I've got one of those. You got me beat though. 23" spread.


----------



## Half Draw (Nov 16, 2012)

A buddy of mine killed this one earlier this month in IL.


----------



## cneedha1 (Nov 16, 2012)

i have some absolutely absurd ones on cam.  i will put them up soon.  i have 4 bucks that are legitimate unicorns.  They have one main beam coming straight out the front, then they have a full normal rack with brow tines.  I also have a 16" spike, at least 3 yrs old. 

My FAVORITE one is one on our place in sandersville. he is a six yr old six pt.   been a six his entire life.  now he is at least 25" wide, the absolute largest deer i have ever seen at least 260lbs and he has NO TAIL.   apparently he is sterile because we have none other like him.


----------



## headhunter 07 (Nov 16, 2012)

Shot him in forsyth county 2005


----------



## deerdander (Nov 16, 2012)

One of my son's friends saw this cowhorn buck several times and told him to shoot him. A 5 1/2 yr old without tines.


----------



## jimmellow (Nov 19, 2012)

Did any of these deer come from Dawson Forest?


----------



## TrophyHunter8 (Nov 20, 2012)

These are some awesome deer, they'd make some neat mounts.


----------



## RangerZ21 (Nov 21, 2012)

*Winner!!*

Here you go... CRAZY RACK!!  DROP RACK... not Drop Tine.


----------



## rosewood (Nov 21, 2012)

RangerZ21 said:


> Here you go... CRAZY RACK!!  DROP RACK... not Drop Tine.

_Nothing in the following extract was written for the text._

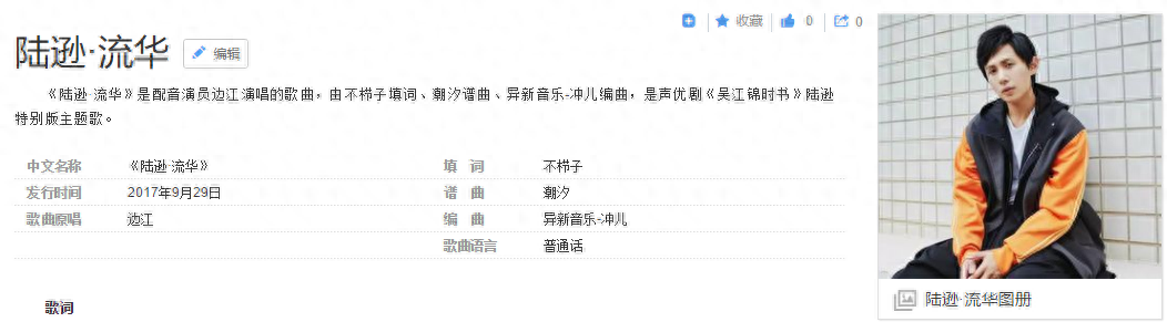 边江大大唱的这首歌曲是纪念三国东吴名将陆逊的!大家都知道,陆逊曾在湖北夷陵跟蜀汉刘备对战过,巧的是,《魔道祖师》里的“女主角”魏无羡就是号称夷陵老祖~
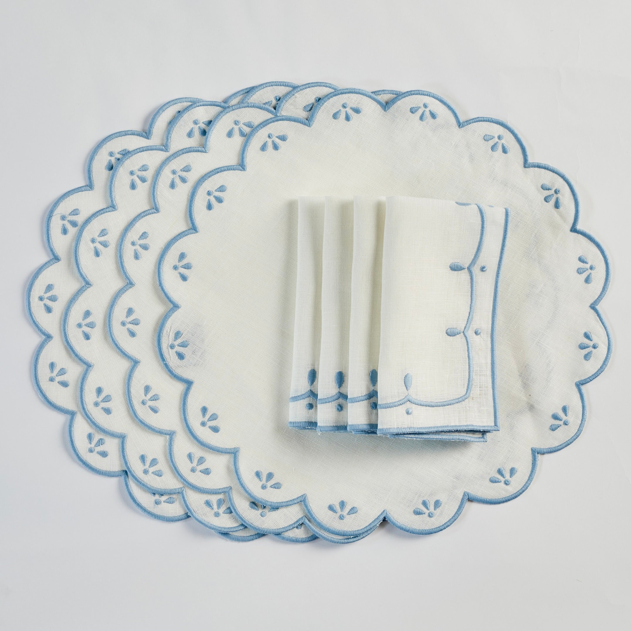 The delicately hand embroidered garland and teardrops create an elegant scallop design that is the perfect backdrop to enhance any dining experience.

I believe you put this guy out of his misery.


----------



## JAXON (Nov 21, 2012)

*Weirdo*

I dont know about this feller


----------



## deerhunter388 (Nov 21, 2012)

RangerZ21 said:


> Here you go... CRAZY RACK!!  DROP RACK... not Drop Tine.



He looks like he has a brush guard for his face!


----------



## KevinsWorld (Nov 21, 2012)

spike with the large spread gets my vote, but some very cool,crazy,what the heck bucks in here for sure thanks guys!!


----------



## kodyt07 (Nov 22, 2012)

doerun101 said:


> pretty interesting how that happened



I dont see it,,, looks perfect to me...


----------



## Bowfishin93 (Nov 24, 2012)

Already posted this under the deer hunting fourms but i figured id share it agian. Fits in good on this thread. My dad shot it a few weeks back in cherokee county.


----------



## Stomper (Nov 26, 2012)

Got this one a few weeks back. 9 pt with a jacked up main beam. Also did not have a bit of hair around his eyes.


----------



## alexparr (Nov 26, 2012)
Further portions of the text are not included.